THE INPUT:
*****
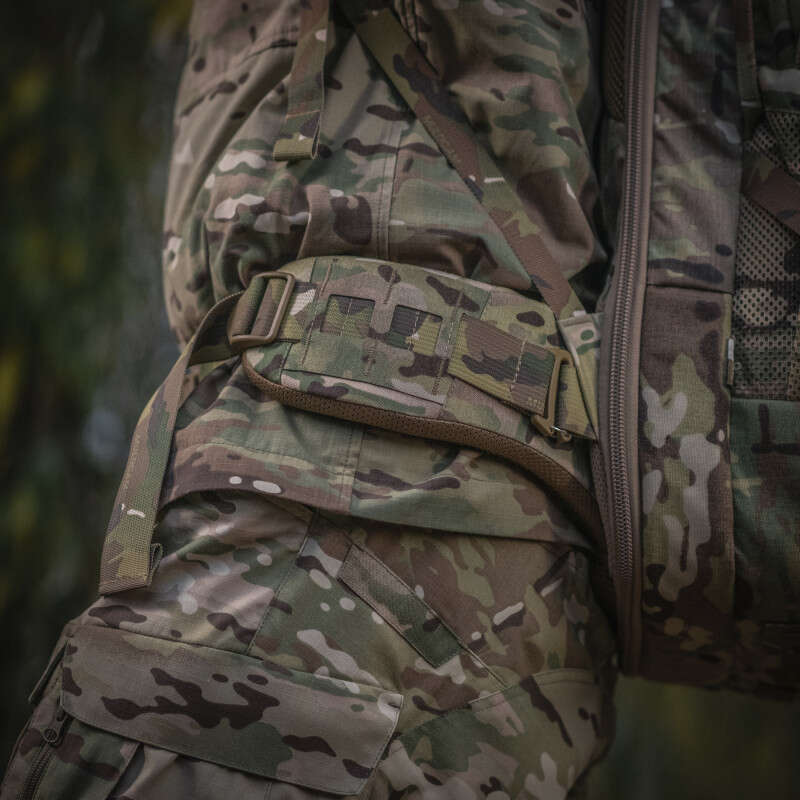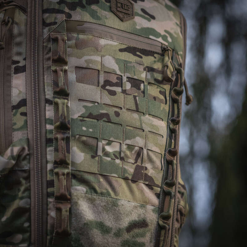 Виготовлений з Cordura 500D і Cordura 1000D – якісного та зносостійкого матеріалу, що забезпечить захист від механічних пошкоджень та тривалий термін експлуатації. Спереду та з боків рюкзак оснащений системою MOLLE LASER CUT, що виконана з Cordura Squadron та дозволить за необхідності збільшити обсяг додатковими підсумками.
*****
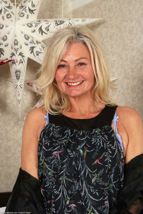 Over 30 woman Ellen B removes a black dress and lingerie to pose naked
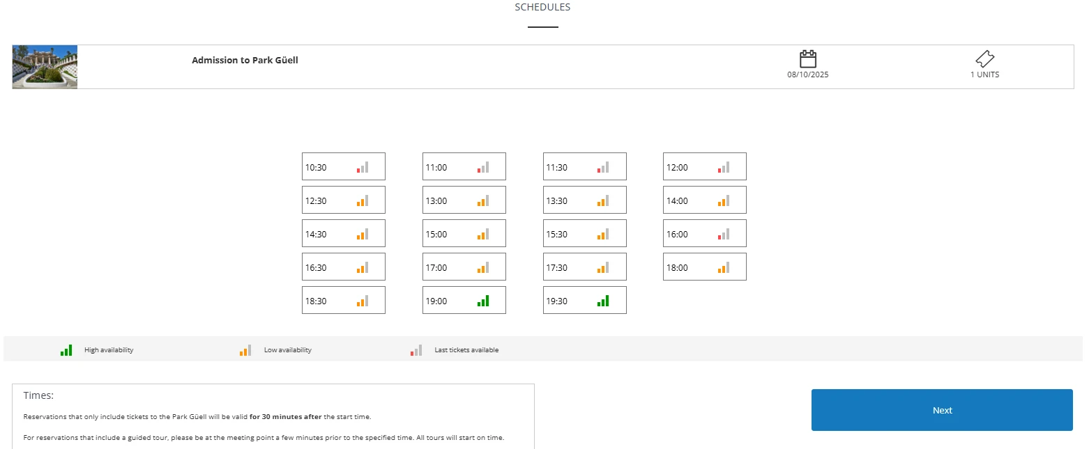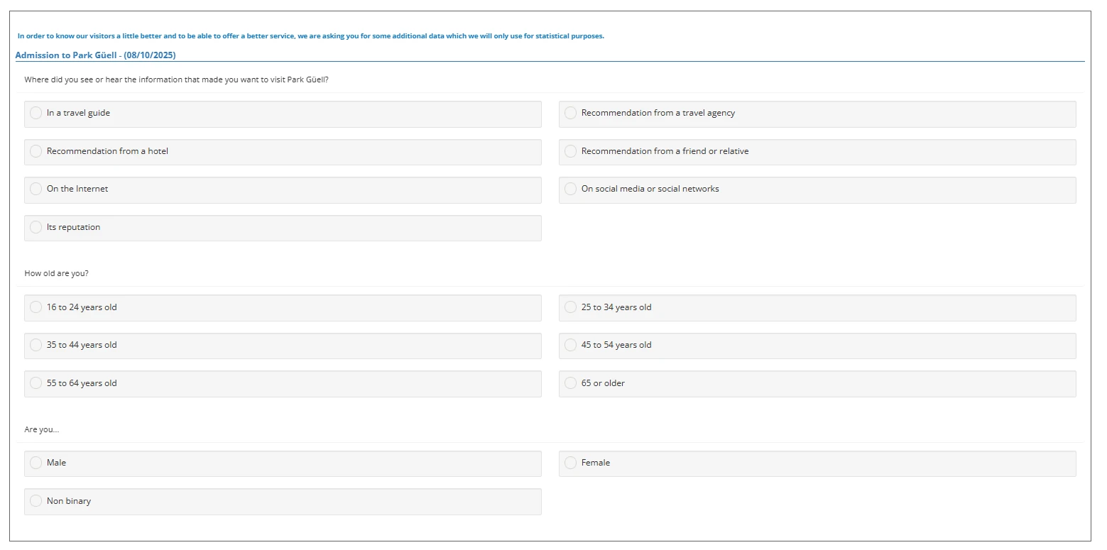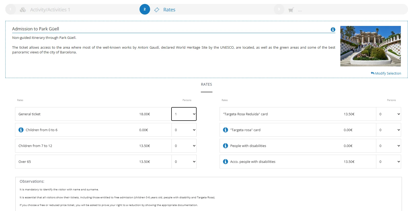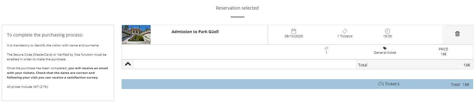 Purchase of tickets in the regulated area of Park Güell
*****
YOUR ASSIGNMENT: Treat the line with "Over 30 woman" as the start and the line with "Purchase of tickets" as the end, and return exactly that span of the data above, both ends included, without pictures.

REPLY:
 Over 30 woman Ellen B removes a black dress and lingerie to pose naked
 Purchase of tickets in the regulated area of Park Güell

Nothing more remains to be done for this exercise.